Harland and Wolff workers 'buoyant' over shipyard's future
Shipyard workers at Harland and Wolff have said they are becoming increasingly hopeful that their jobs will be saved.
One shipyard worker described the mood amongst the workforce on Monday as "buoyant".
Paul Beattie, who has worked at the yard for 33 years, said: "We are very, very optimistic.
"There are people who are very interested in (buying) Harland and Wolff."
The business - best known for building the Titanic - entered administration earlier this month, with accountancy firm BDO overseeing the process.
The move placed 120 jobs at risk.
However, on Friday BDO confirmed the existence of potential buyers.
A spokesperson said: "There have been positive discussions with interested parties for the sale of the business as a going concern.
"It is hoped that these discussions may result in credible offers."

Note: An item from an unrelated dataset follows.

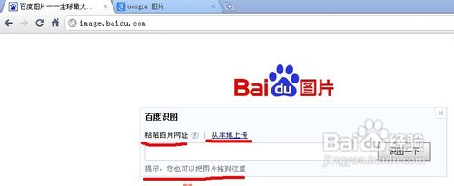 3.在彈出的以圖搜圖界面如下圖3所示,由于我們的圖片已經保存到電腦上了,因而用“從本地上傳”圖片,上傳完圖片后,搜索結果馬上就出來了

On Monday afternoon, East Belfast DUP MP Gavin Robinson met the administrators.
Afterwards he said: "It is encouraging to hear that there are not only two bidders, but they are credible.
"It's incredibly encouraging to hear that there is not only private interest, but there is investment potential.
"The bidders recognise the skills and assets of Harland and Wolff shipyard and want to run it as a going concern."
The MP said there are issues around "due diligence, around provision of funds, around capacity", but the overall situation was positive.
Susan Fitzgerald, regional co-ordinating officer for Unite union, said: "There is now a very, very strong possibility of saving this yard for future generations."
Workers are continuing to mount a round-the-clock protest at the front of the yard.